If it's good enough for the ADF, it's good enough for us.
War crimes, everyone's doing them.
Striving for mediocrity in a world of excellence, this is The Chaser Report.
Hello and welcome to The Chaser Report for Monday, the 9th of August, 2021, yet another day in lockdown for much of the country.
But Dom, Dom, it's all right because the Moderna vaccine
has been ordered and it is coming on the scene
and it's going to solve all the problems.
A million doses did I read in a couple of weeks' time?
That's extraordinary.
This is going to be either before we know it.

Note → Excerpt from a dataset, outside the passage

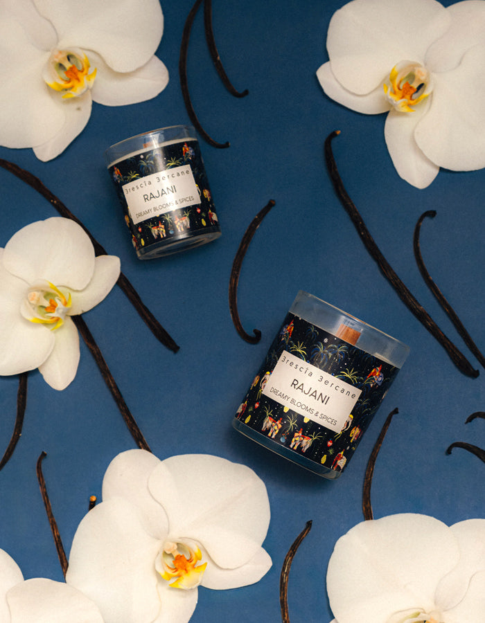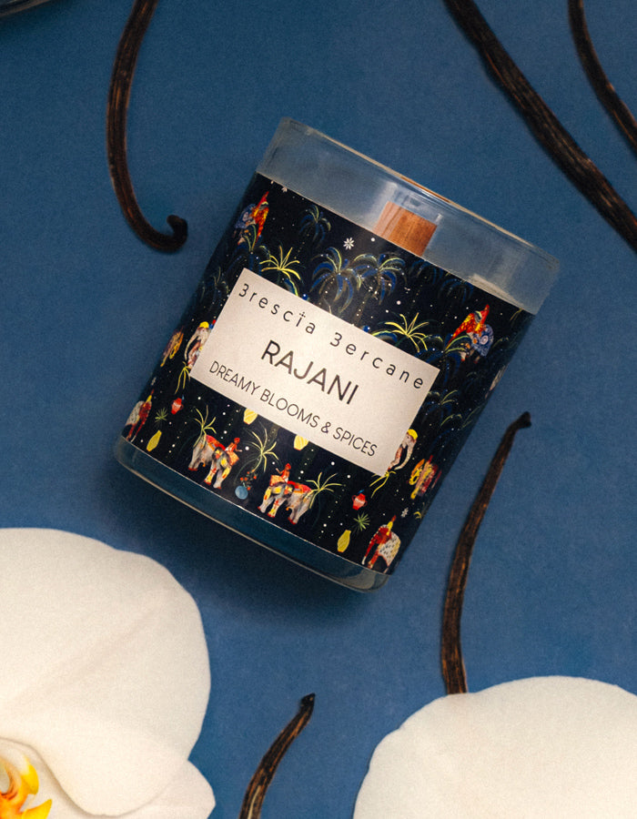 Introducing the Rajani Candle - experience the magic of starry nights and Indian festivities with the mystical scent of cinnamon and sweet oranges. Bring a touch of enchantment to your home and delight your senses with this unique and aromatic candle.
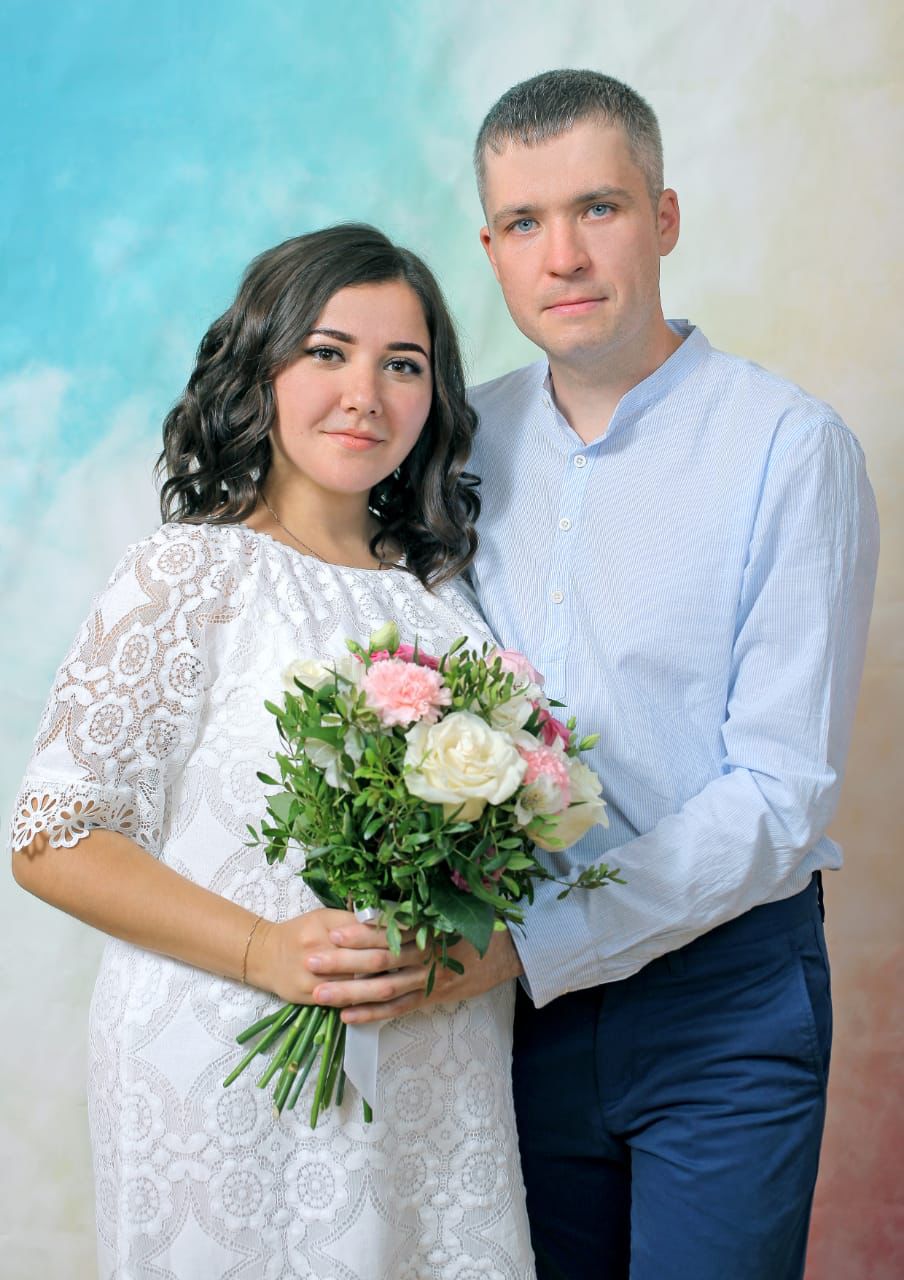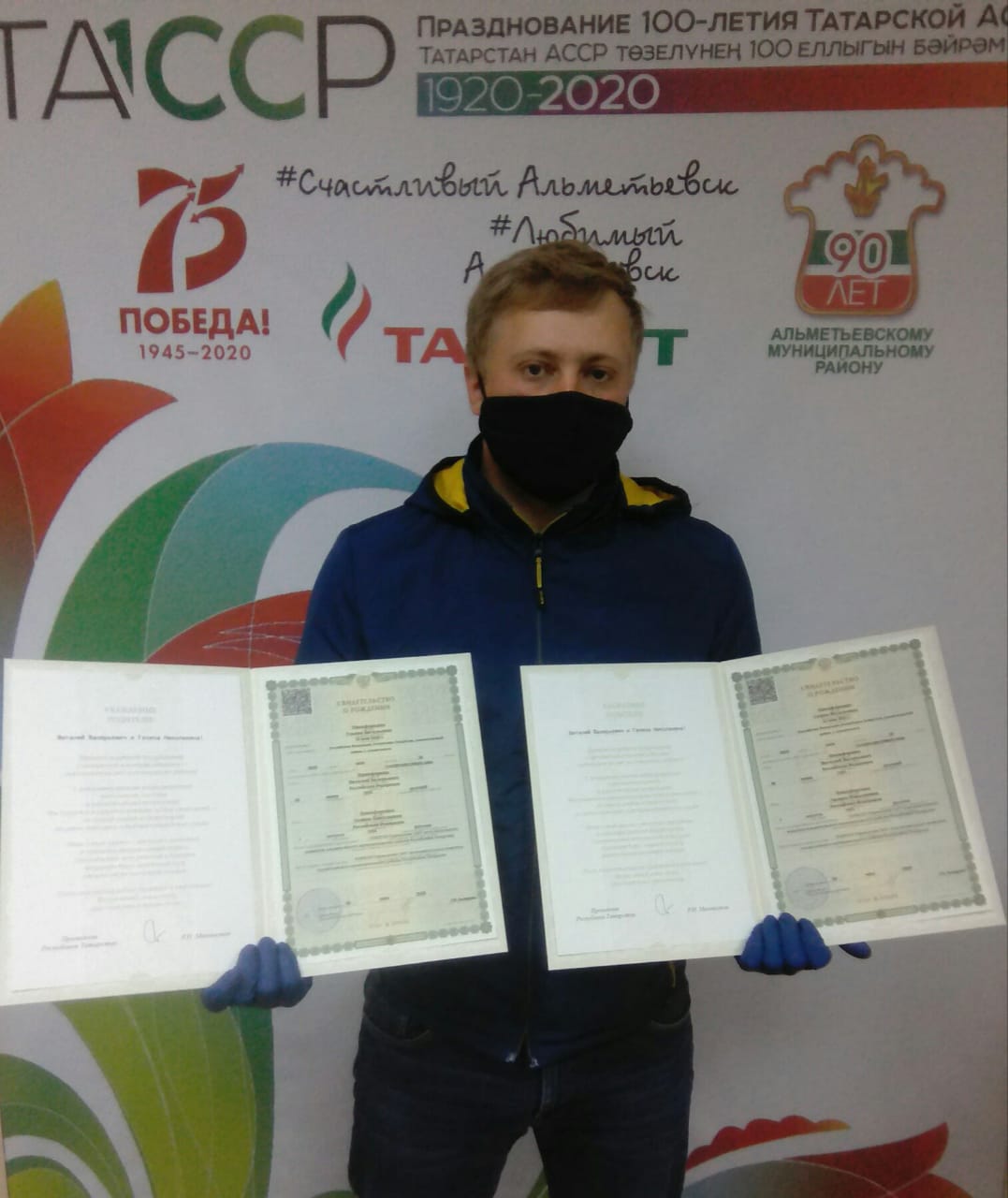 2020 елның беренче аенда Әлмәт муниципаль районы башкарма комитеты ГХАТ Идарәсендә 44 гаилә теркәлгән. Фотода Әлмәт шәһәренең яңа гаиләсе - Алексей һәм Светлана Гориннар, алар никахларын 2020 елның 31 гыйнварында теркәделәр.

Oh, I think it's more than that.
I think it's like, I mean, actually,
Scott Morrison went on sunrise to announce
exactly how it's going to work.
I think it's like millions and millions.
The federal government has signed a deal
to secure 25 million shots.
It's hoped the vaccine could be ready
by the end of the year.
You're joining me now. Prime Minister, Scott Morrison. Prime Minister, good morning to you.
Gee, this sounds exciting and hopeful, doesn't it?
Well, I am hopeful, but also, you know, naturally cautious.
This would mean a vaccine for every single Australian, and this is important news.
We've gotten into this early, and that will mean that we can get on with it.
Early.
We've got into it early.
Vaccine for everyone.
Oh, wait, hang on.
Oh, no, sorry, that was from August the 19th.
last year.
Oh.
Sorry.
So that's a year old.
Is that why he used the word early?
Because I was just thinking, if I was Scott Morrison,
there's not a word I would be using anywhere in public.
So anyway, sorry about that.
Yeah, that's clearly out of date, Charles.
What are you doing?
Get with the programme.
It's coming.
Let's have a good news story to start the week for a change, Charles.
Yeah, no, sorry.
Sorry.
Here's another clip of Morrison actually announcing the vaccine.
Australia's National Cabinet has approved
Australia's national vaccination policy.
It's another sign that together as a country,
we are working to prepare ourselves to be able to disseminate
and administer those vaccines all around the country when they're ready.
Sorry, that was from the 22nd of November last year.
Yeah, because he said when they're ready.
Yes.
And, you know, they're ready in December of 2020.
But in fairness, because I have gone through it all.
And sure, we don't have the vaccines for everyone,
but we do have 25 million announcements.
So there is actually, there has been an announcement
for every single person.
Let's actually, I'll find a clip that's actually about the Moderna vaccine.
This is got to be it.
This is the one.
Here's Greg Hunt with the Moderna announcement.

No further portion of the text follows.